Richard Hughes, DDS, FAAI
4/6/2014
Yes, it is very possable to have bacteria and or fungi that have been homesteading in the bone. The usual culprits are Micrococcus sp. Staphylococcus sp and Streptococcus sp., and Candida albicans. Bacteria can lie dormant for decades. Even orthodontic movement can kick up an old infection. All the posters have made valid points.
DrT
4/8/2014
I can see in the PA taken at the time of implant placement the outline of an IBD crestally. From this I conclude that there was incomplete bone fill with the graft.
Scott Ganz
4/8/2014
I like Greg's initial response... to correct the problem. However, I will have to state that a PA radiograph tells us little of what is really going on.
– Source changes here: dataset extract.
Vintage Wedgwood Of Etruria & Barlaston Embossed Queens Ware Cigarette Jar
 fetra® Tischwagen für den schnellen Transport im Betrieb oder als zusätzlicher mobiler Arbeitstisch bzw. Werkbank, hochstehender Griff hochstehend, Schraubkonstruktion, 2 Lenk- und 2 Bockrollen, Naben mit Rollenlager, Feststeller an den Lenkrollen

How do we know how much width of bone was at the crest at the time of implant placement. 2mm circumstantially..? Probably not... even with the bone graft. Where was the implant placed in a buccal-lingual aspect? Also, were there other patient factors like smoking..? The healing collar was placed at the time of placement..? Perhaps this was a factor based upon patient factors...
Frank Scarbrough
4/9/2014
All good comments highlighting factors that merit consideration. I tend to favor the peri-implantitis theory and am concerned that if the mesial inclination of tooth #2 isn't corrected prior to final restoration of #3 implant, this will be an ongoing issue.
Dr. Gerald Rudick
4/9/2014
Frank...you are correct...best to align tooth #2....and that can be very easily accomplished either with a removable Hawley Retainer, or by increasing the width of the plastic temporary crown over a few weeks....tighten the contact point.....a week later, tighten....and so forth until the tooth is moved into the position required.